▶ **Exercise**: Only the stretch below from the line holding "SALTILLO, Coahuila.- La" through the line holding "under CC BY 4.0" should be restated, word for word and with both ends included; pictures stay out.

▶ **Provided records**:
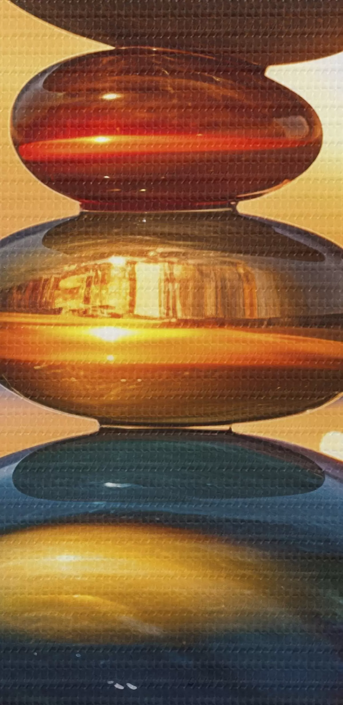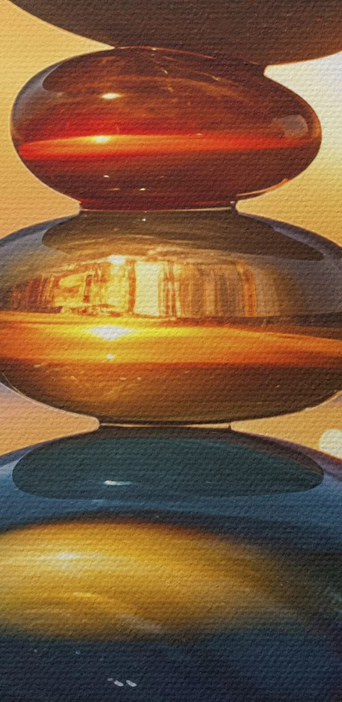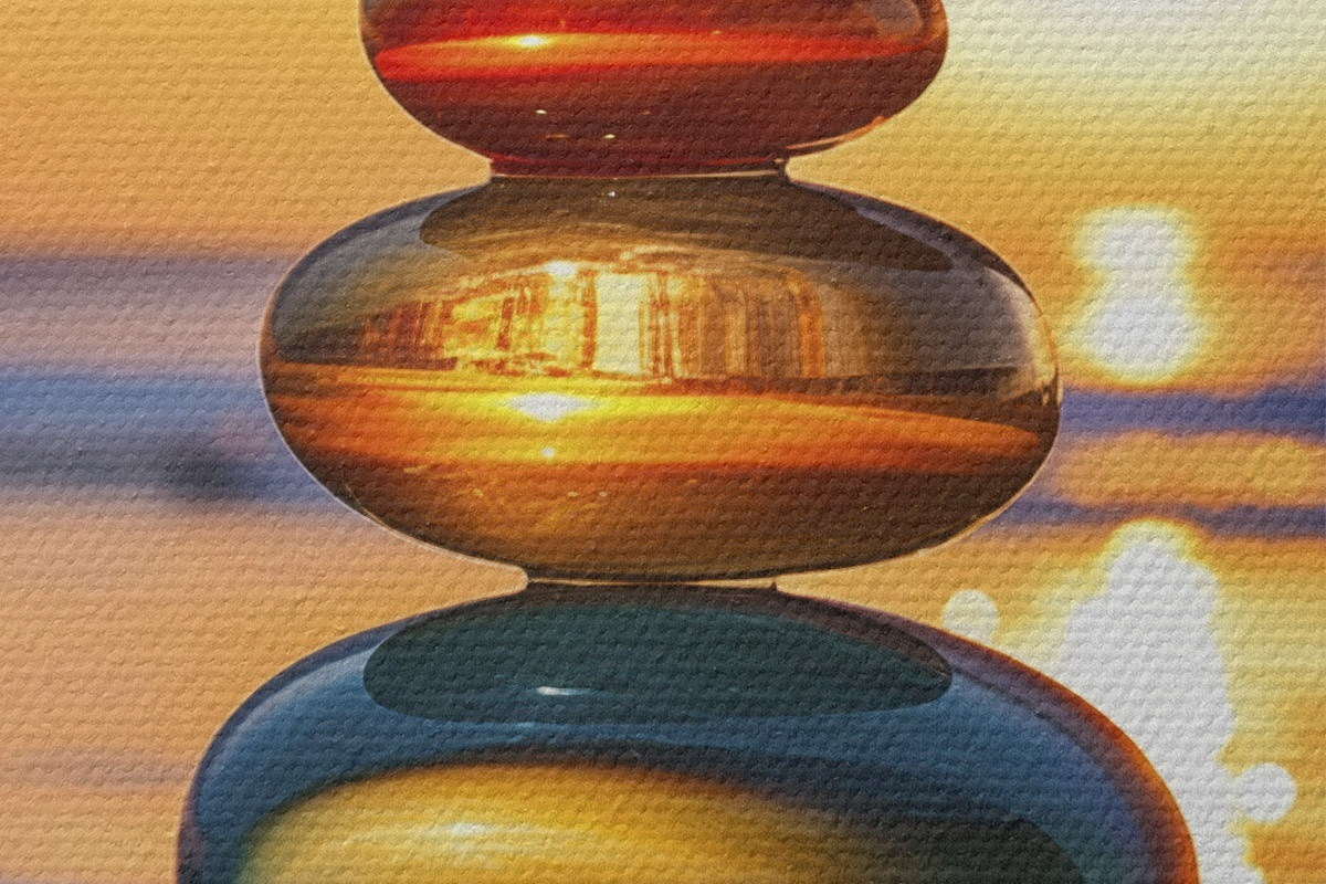 Okrągły obraz Kamienie ułożone w stos na tle zachodu słońca Nr r45520
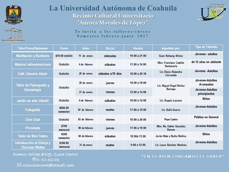 SALTILLO, Coahuila.- La Universidad Autónoma de Coahuila, a través de la Coordinación de Difusión y Patrimonio Cultural, invita a participar a los cursos y talleres que se impartirán en las instalaciones del recinto cultural “Aurora Morales de López”.
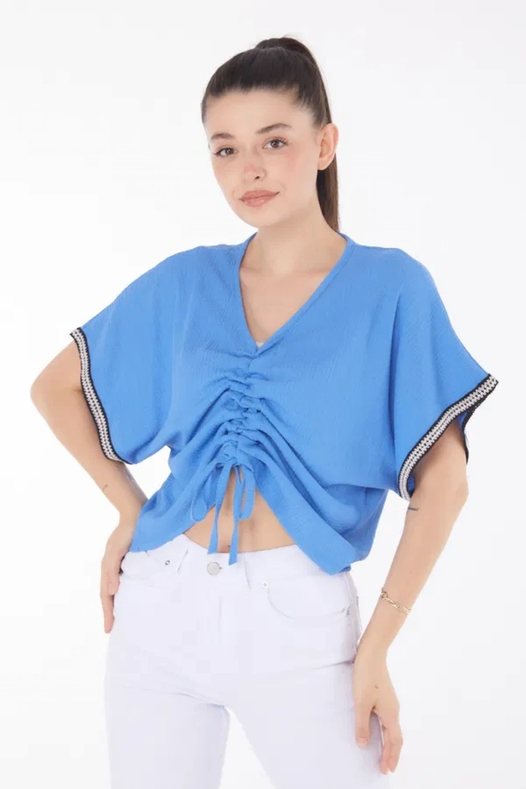 • V yaka büzgülü detaylı bluz
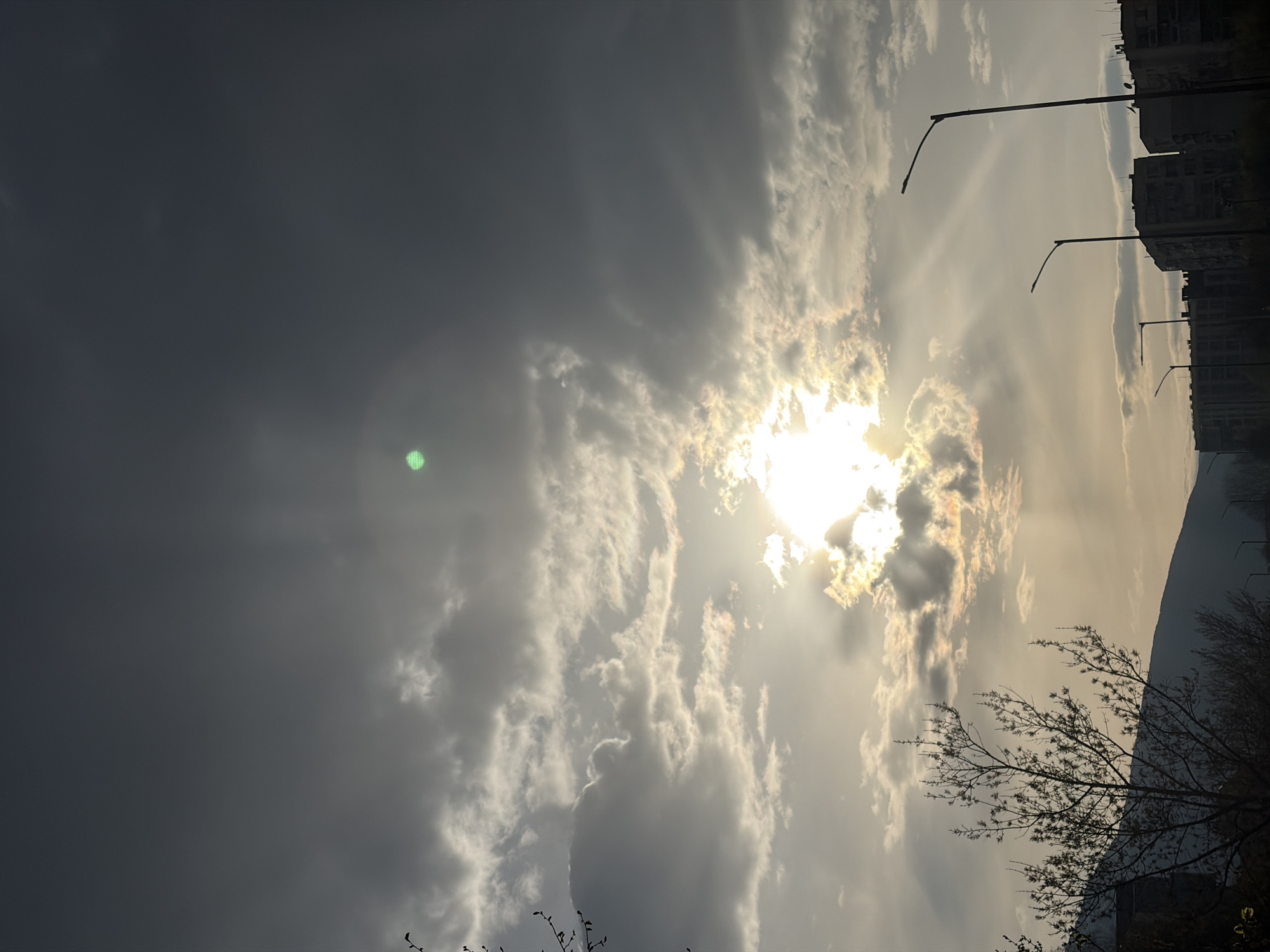 - "The image depicts a cloudy sky with the sun shining through, accompanied by some buildings and streetlights on the right side" by FM-cKUzd2, licensed under CC BY 4.0
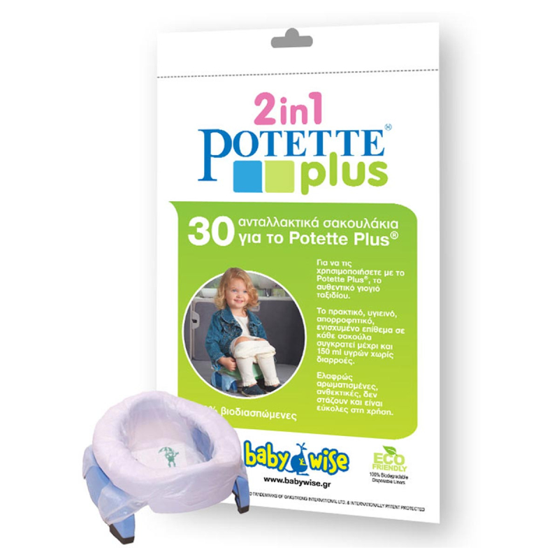 Ανταλλακτικό ρολό με 30 σακούλες για το γιογιό από την εταιρία Pottete Plus. Είναι βιοδιασπώμενες και υπέρ απορροφητικές, ιδανικές για τα ταξίδια. Κλείνουν αεροστεγώς και είναι ελαφρώς αρωματισμένες. Τα βατραχάκια που διαθέτει η κάθε σακούλα στην επένδυση που βρίσκεται στο κέντρο, εξαφανίζονται μόλις βραχούν, ενθαρρύνοντας έτσι το μικρό σας να κάνει την ανάγκη του. Οι σακούλες έρχονται σε ρολό, και απλά τις τραβάτε όπως τα μωρομάντηλα. Στο γιογιό μπορείτε να τοποθετήσετε μέχρι 3 σακούλες. Πρακτική και βολική λύση.
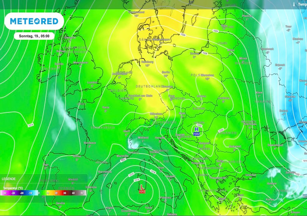 Nachts wird es jedoch wieder deutlich kälter, da die Grenzschicht eine effiziente nächtliche Ausstrahlung verhindert. Besonders in den Alpentälern kann es dann bis zu -10 Grad kalt werden. Die kalte Luft bleibt in den Niederungen durch die stabile Grenzschicht „eingeschlossen“, was zu starkem Frost führt.
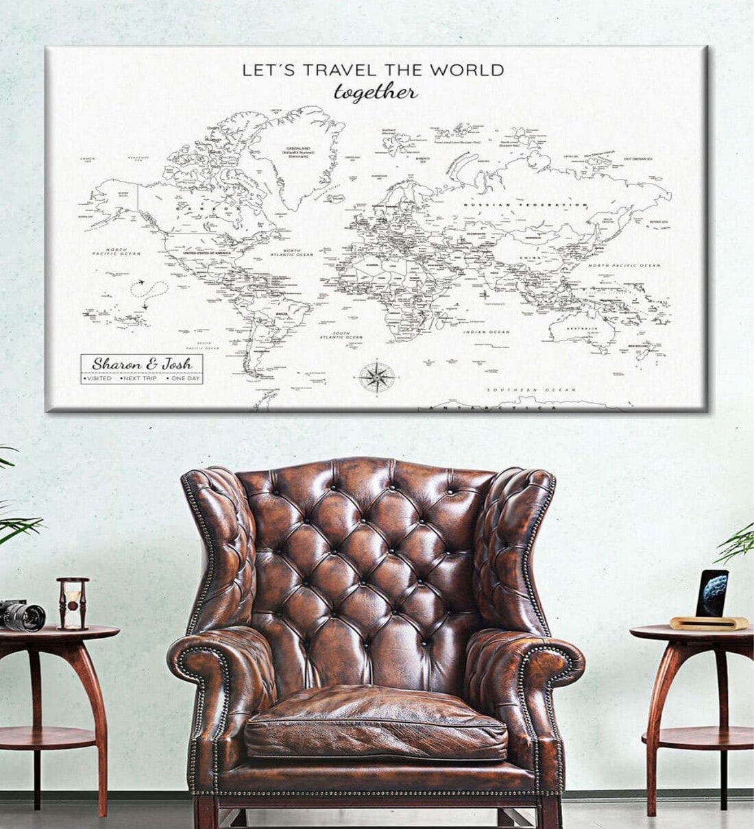 POSTERS AND TRUSS White & Grey World Map Printed Wall Art
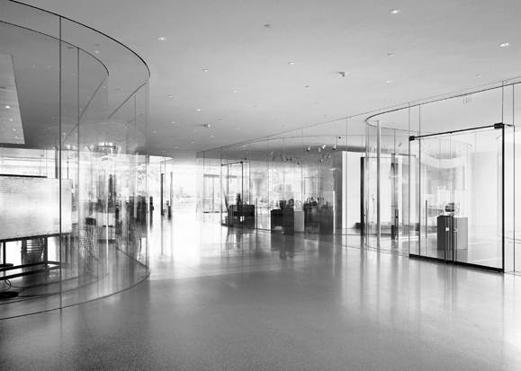 放眼望去,室内看不见明显的台阶,只有地板逐渐高低变化;视线所及之处,实在也谈不上真正的“墙”,因为在进深方向上,就像玻璃博物馆那样,所有的隔断都转弯了──投射在或通透或者半透的表面上,经意或是不经意的眼光都像是打了一个滑溜,所有的空间看过去都在扭转之中,它们连续、波折、重叠了。因此人们难以一下判断这光学魔术的实体结构,它实在是一座“隐隐约约”的建筑。
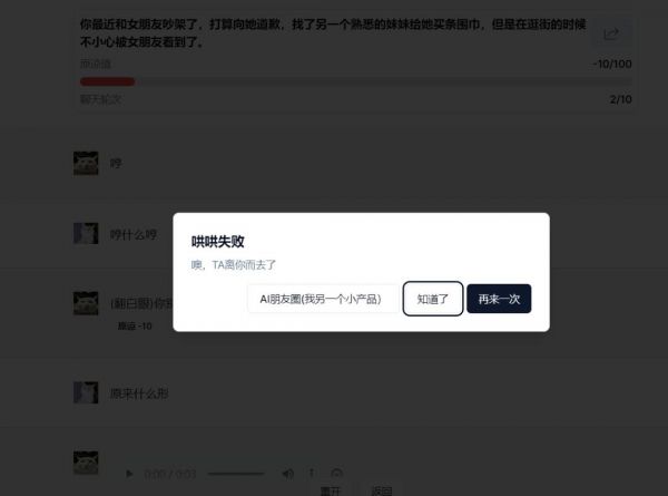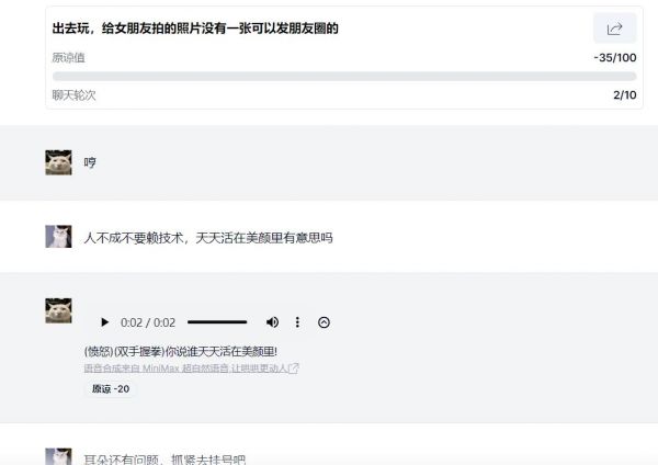 玩家需要在已经提供的话题中(也可以自行上传),选择一个自己感兴趣的内容,并在规定的回合之内,运用自己高超的语言技巧,成功挽回女朋友的心。每个问题会设定一个初始的“原谅值”,AI会根据你的聊天内容动态评分,原谅值过低只能重开,而原谅值达到一定数值就意味着哄人成功。

▶ **Written reply**:
 SALTILLO, Coahuila.- La Universidad Autónoma de Coahuila, a través de la Coordinación de Difusión y Patrimonio Cultural, invita a participar a los cursos y talleres que se impartirán en las instalaciones del recinto cultural “Aurora Morales de López”.
 • V yaka büzgülü detaylı bluz
 - "The image depicts a cloudy sky with the sun shining through, accompanied by some buildings and streetlights on the right side" by FM-cKUzd2, licensed under CC BY 4.0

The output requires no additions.